Unlike previous versions of Virtuoso, current XQuery syntax allows you to use "pure XML notation" inside element constructors. Thus there is no strict need to write 'constant' expression <emp empid="12345"><name>John Smith</name><job>Bubble sorter</job></emp> as it is dynamically calculated text, like <emp empid="12345"><name>{'John Smith'}</name><job>{'Bubble sorter'}</job></emp> It is still may be useful to write 'constant' expression in the old way. This artificial restriction simplifies finding syntax errors, because there are syntactically wrong expressions that are still correct "pure XML notation." Alternatively, CDATA sections also may be used to make it obvious that the string is a constant, not an expression with forgotten braces around it: <emp empid="12345"><name><![CDATA[John Smith]]></name><job><![CDATA[Bubble sorter]]></job></emp>

The current version of Virtuoso does not support the new XQuery syntax for dynamic constructors.


13.8.1.6. FLWR Expressions

FLWR expressions are fully supported by Virtuoso XQuery. Moreover, for() and let() XPath functions are implemented to make this functionality available in XPath and XSLT. In addition, assign() and progn() functions are available to deal with extension functions, especially when extension functions are called for their side effects.

A special xmlview() function allows very effecient access to SQL data from XML views.

Previous XQuery specifications used "sort by" instead of "order by". The difference is that "sort by" was applicable to the final results of the FLWR statement made by RETURN clause whereas "order by" reorders input data for RETURN. Thus, "order by" can sort outputs using data that do not appear in the final result. E.g., an expression can collect items, "order" them by category and title but output only title and price. This was much harder in previous versions of XQuery because it was necessary to prepare an intermediate result that contained title and price and category, then do "sort" by category and title then use one more FLWR expression to form a result that is free from redundand data about category.

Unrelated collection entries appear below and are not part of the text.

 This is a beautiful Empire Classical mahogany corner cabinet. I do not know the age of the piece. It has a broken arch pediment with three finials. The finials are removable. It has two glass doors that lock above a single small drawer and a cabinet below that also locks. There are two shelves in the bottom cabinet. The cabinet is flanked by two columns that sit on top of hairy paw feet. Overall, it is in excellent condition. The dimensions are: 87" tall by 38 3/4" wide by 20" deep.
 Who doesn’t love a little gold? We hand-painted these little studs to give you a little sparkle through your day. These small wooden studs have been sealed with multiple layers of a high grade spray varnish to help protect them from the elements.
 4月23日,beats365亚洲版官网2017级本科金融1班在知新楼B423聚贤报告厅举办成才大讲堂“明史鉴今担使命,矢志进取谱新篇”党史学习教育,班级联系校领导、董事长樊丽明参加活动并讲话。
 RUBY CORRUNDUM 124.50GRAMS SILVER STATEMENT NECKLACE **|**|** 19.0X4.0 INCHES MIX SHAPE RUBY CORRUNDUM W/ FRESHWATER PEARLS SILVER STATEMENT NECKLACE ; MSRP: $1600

Nevertheless, Virtuoso supports both "sort by" and "order by", to keep backward compatibility. Moreover, "sort by" operator can be freely used with no relation to any FLWR subexpression. Typical use of such a simplified notation is <hit-list>{//track[@rating] sort by (@rating descending)}</hit-list> instead of portable <hit-list>{for $t in //track[@rating] order by $t/@rating descending return $t}</hit-list>


13.8.1.7. Ordered and Unordered Expressions

The current version of Virtuoso does not use ordered/unordered hints. Everything is calculated ordered. This will change in the future but it is not advisable to place "unordered" hints for future use because there's no way to validate these hints. It is better to place appropriate comments but not hints.

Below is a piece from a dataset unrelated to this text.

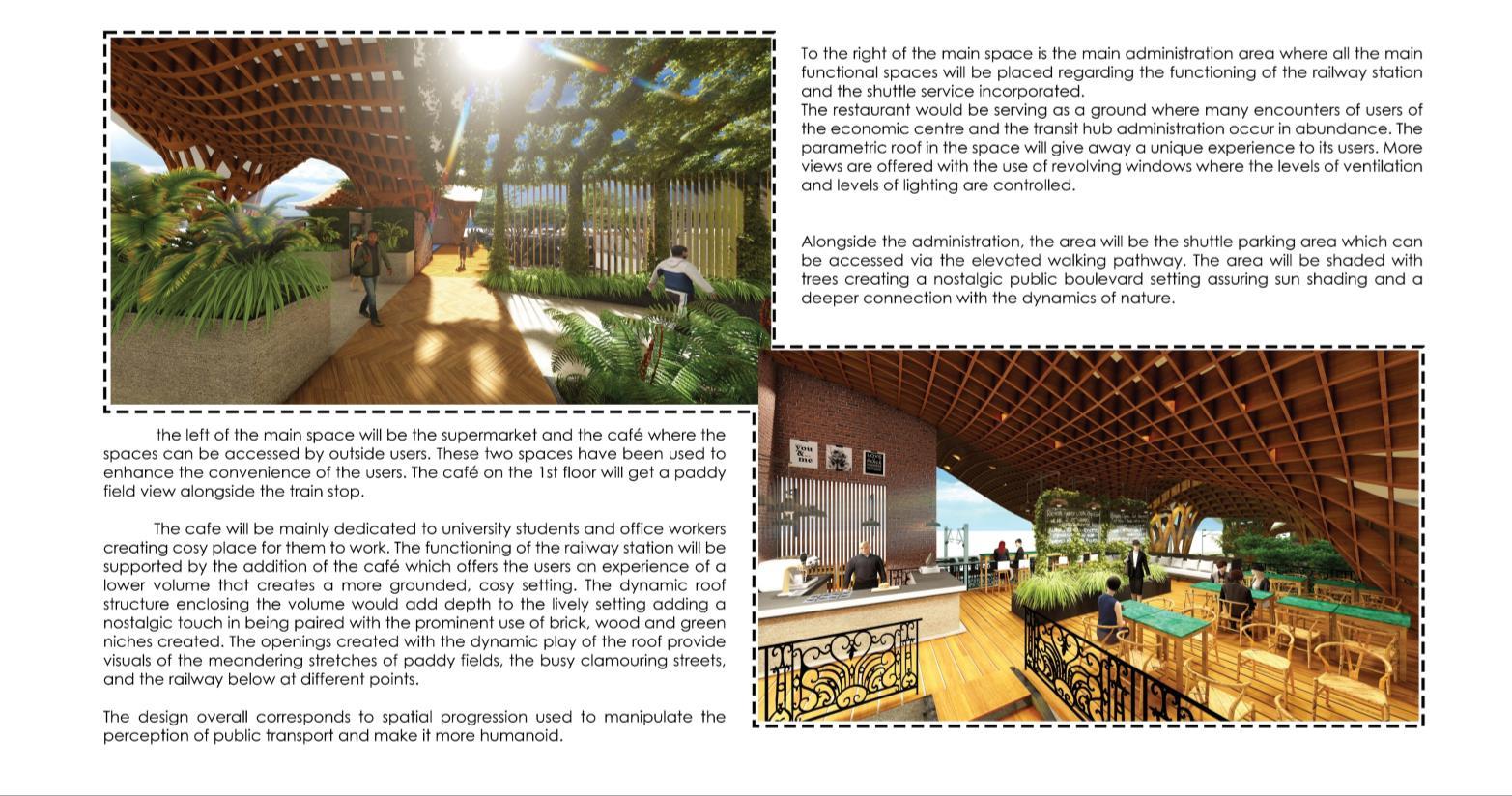 The influence of the research, which is A study on the domestic vehicular dependency on the suburb of Colombo in the green expert city of Homagama towards the innovative transit hub, paved the way for the critical argument. The final conclusion of the research was that the use of personal vehicles is more biased based on each individual's personal perception of the current public transportation system According to the analysis, the problems that were identified were the most practical and daily errors that they face when using public transportation. Problems included a lack of dependability, accessibility, facilities, time consumption, inconvenience, sexual abuse of children and women, and poor class maintenance. These system errors are extremely common, and almost all of us have encountered them Every situation in a user's life has influenced their use of personal transportation, and these errors have caused them to set their perception on the location where they despise public transportation. However, the argument is that the introduction of a dependable, sophisticated, classy, and user-friendly facility for the benefit of users can be a watershed moment in their perception of public transportation. As a result, the country's economic development and the well-being of its users will benefit This design will provide an architectural solution as a result of the identified inability to meet the needs. The design will provide the efficiency, convenience, and class maintenance that the general public desires in a public transport action system, as well as serve as a connecting point to all upcoming future events in the area. The design will also be fully sustainable, utilizing modern technology to minimize their choired daily energy usage. And will create a convenient stress-free environment, resulting in a pleasant atmosphere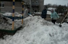 Сотрудники проводили раскидывание снега на территории детского сада. 14.04.2018

13.8.1.8. Control Expressions

The if() special function mimics the XQuery operator for use in XPath and XSLT. Functions and() and or() are also control expressions because they calculate arguments in strict left-to-right order and may omit the calculation of some results.


13.8.1.9. Quantified Expressions

Both the SOME and EVERY operators are implemented. The some() and every() XPath functions are implemented to make this functionality available in XPath and XSLT.


13.8.1.10. Expressions That Test or Modify Data types

The operators IS, CASTABLE, CAST, TREAT, TYPESWITCH and VALIDATE are not implemented.


13.8.1.11. FOR Clause Expressions With xmlview() Function

XML views can be queried using FOR Clause from FLWR expressions. The xmlview() function allows XML views to be accessed as if they were XML documents. XPath expressions beginning with the xmlview() function will be translated into SQL statements to avoid redundant data access and to avoid creating a whole XML tree.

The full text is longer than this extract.